Juhi Chawla made a spectacular re-entry after a short hibernation. The chirpy Chawla set screen on fire with her effervescent performances in Yes Boss, Deewana Mastana and Ishq. Rejuvenated Anil Kapoor is back in the reckoning with Judaai and Virasat. JP Dutta, who had been in the dumps, hit big time with the blockbuster Border. And of course, David Dhawan-Govinda duo continued to add feathers (Hero No. 1 and Deewana Mastana) to their colourful caps. After Trimurti debacle, showman Subhash Ghai pulled out all the tricks under his hat and released Pardes amid low-key publicity. The film, starring his new discovery Mahima Choudhary and Shah Rukh Khan, went on to become one of the biggest grossers of the year.
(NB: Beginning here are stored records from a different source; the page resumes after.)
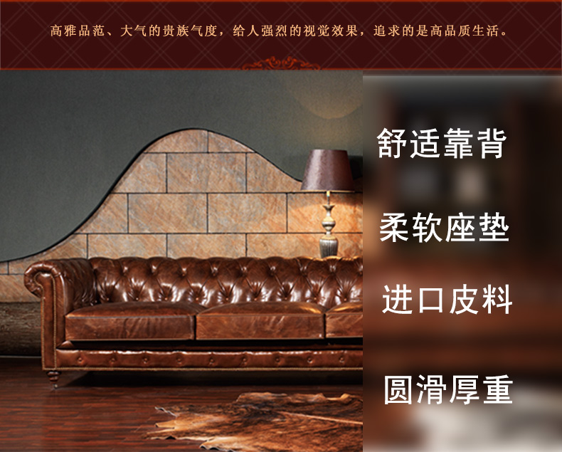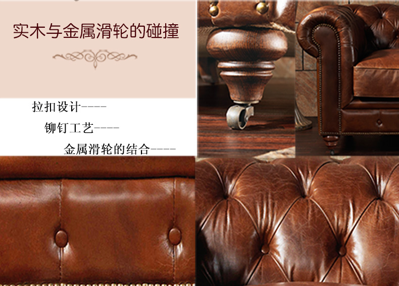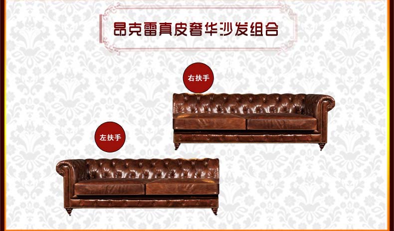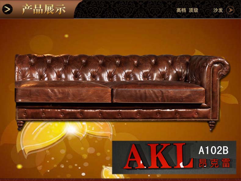 昂克雷 美式新款沙发实木框架真皮沙发转位沙发厂家直销A102B
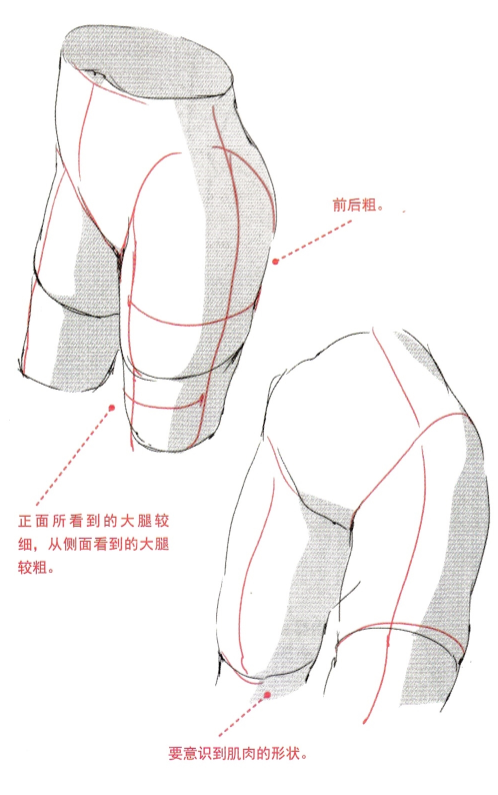 大腿左右与前后的宽度不同,左右较细而前后更粗。此外大腿上粗下细呈倒三角形,这些只要观察一下自己的腿部便可明白。这一倒三角形,从前方观察时会显得较为纤细。
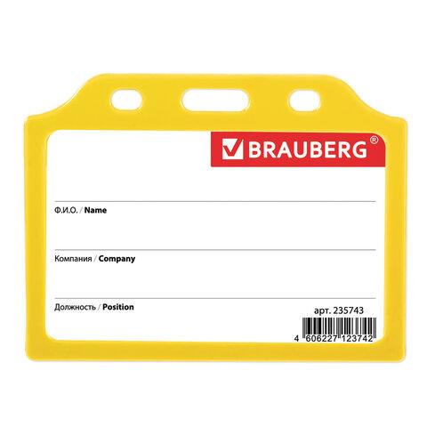 Бейдж горизонтальный жесткокаркасный (55х85 мм), без держателя, ЖЕЛТЫЙ, BRAUBERG, 235743
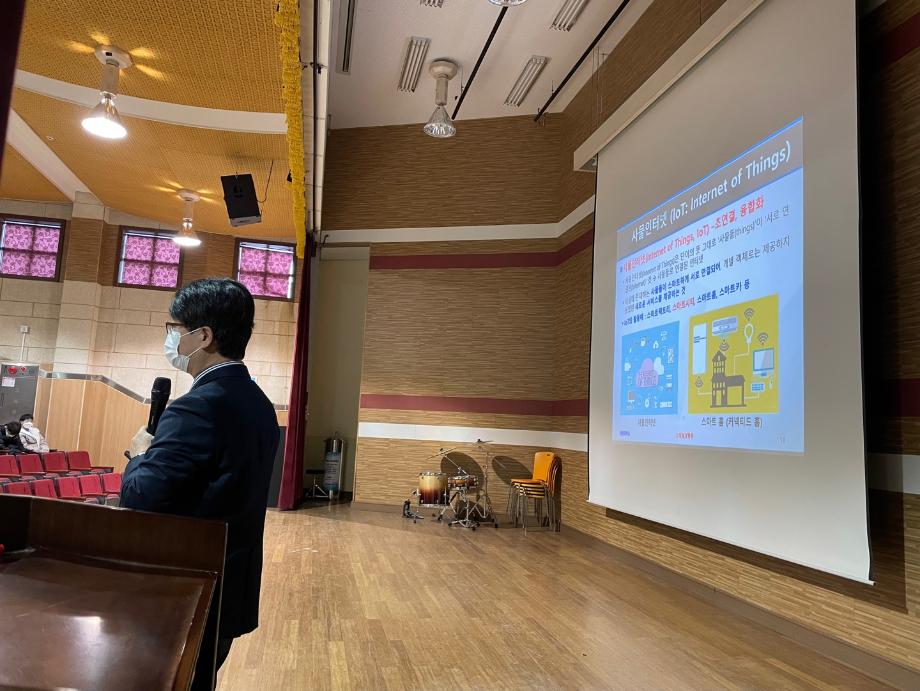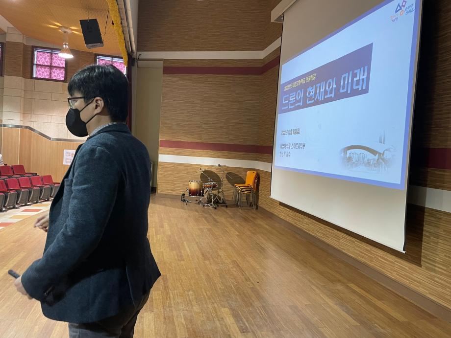 본문 시작 홈으로 SMIT 소식 SMIT 소개 SMIT 교육 SMIT 취업 SMIT 소식 SMIT 입학 홈페이지가이드 갤러리 공지사항 갤러리 경진대회 동아리 갤러리 페이스북 트위터 프린트 스마트IT학부 원주 대성고등학교 특강시행 스마트IT학부 4984 2022-12-09 2022년 12월 9일(금)에 원주 대성고등학교에서 3학년 학생 200여명을 대상으로 특강이 시행되었다. 스마트IT학부 조면균 교수님의 '생활속의 정보통신'과 한상익 교수님의 '드론의 현재와 미래'라는 주제로 이루어졌으며, 스마트IT학부의 전공과 관련된 내용이 소개되었다. 스마트IT학부 소개와 함께 정보통신, 드론, 인공지능에 대한 지식을 재미있게 풀어주면서 수능으로 지친 3학년 학생들과 유익한 시간을 보내는 계기가되었다. 목록 이전오선진 교수님 퇴임식 다음 스마트IT학부 2022학년도 2학기 전공학습동아리 수료 담당부서 : 스마트IT학부 담당자 : - 연락처 : 043-649-1275 최종수정일 : 2024-10-26 만족도조사 만족도 조사 이 페이지에서 제공하는 정보에 대하여 만족하시나요? 매우만족 만족 보통 불만족 매우불만족

Ghai dropped Laxmikant-Pyarelal for the first time and Nadeem-Shravan reciprocated the reposed faith in them with chart-busters Do dil mil rahe hain, Dil deewana and Meri mehbooba. There were heavy overtones of DDLJ and Suraj Barjatyas traditional values in the film, but who cares for originality? Particularly when the guaranteed formula brings back the welcome queues and hordes of black-marketers to the theatres.
Another showman Yash Chopra continues to baffle the audience with his undiminished romanticism. Dil to Pagal Hai may not be his best film, but it has some of the best conceived moments in Indian cinema. Seasoned artists Shah Rukh and Madhuri brought magic to their intimate conversational scenes. Music by Uttam Singh (of Uttam-Jagdish of Painter Babu fame), Manmohan Singhs photography and Shaimak Davars choreography made it a work of art that will break your heart. Rajiv Rai-Viju Shah team struck again with a tornado called Gupt. The director maintained his reputation as the slickest film maker in Mumbai. The innovative starcast of Kajol-Bobby-Manisha and hypnotic musical score (Mushkil bada ye pyar hai, Mere khwabon mein tu and Gupt gupt) revived the long-forgotten ritual of booking tickets in advance for the new Friday release. JP Duttas magnum opus Border proved that films made with passion and sincerity always have audience clamouring for them. With Indo-Pak war as its background and splendid songs by Anu Malik-Javed Akhtar team (Ke ghar kab aaoge, To chahm and Mere dushman mere bhai) the film gave a fresh lease of life to Sunil Shetty who gave his career-best performance.
Judaai, a bizarre remake of Indecent proposal with Urmila playing Robert Redford and Anil Kapoor enacting Demi Moore, was one of the successful films of the year. Sridevi stole the show with an author-backed role. Matondkar babe, however, received a setback with Ramgopal Vermas Daud. This eagerly-awaited film from Rangeela director was a washout inspite of foot-tapping music by AR Rahman (Shabba Shabba, Zahreela Pyar and O Bhavre). Another of Rahmans effort which failed to save a film was Rajeev Menons Sapnay. This National-award winning album has some extraordinary compositions like Awara bhanware, Chanda re, Ek bagiya mein. Kajol along with her beau Ajay Devgan, Juhi Chawla and Aamir Khan scored a big hit with Ishq. Director Indra Kumar followed his earlier hat-trick (Dil, Beta and Raja) with this blockbuster, which has some memorable tunes by Anu Malik. Juhi Chawla preceded Ishq with Shah Rukh Khan in Yes Boss. The film directed by Aziz Mirza had first-rate performances from the lead pair and some scintillating solos (Main koi aisa geet gaaon).David Dhawans Deewana Mastana, starring Juhi with Anil and Govinda, brought cheer in the desi camp after a long time.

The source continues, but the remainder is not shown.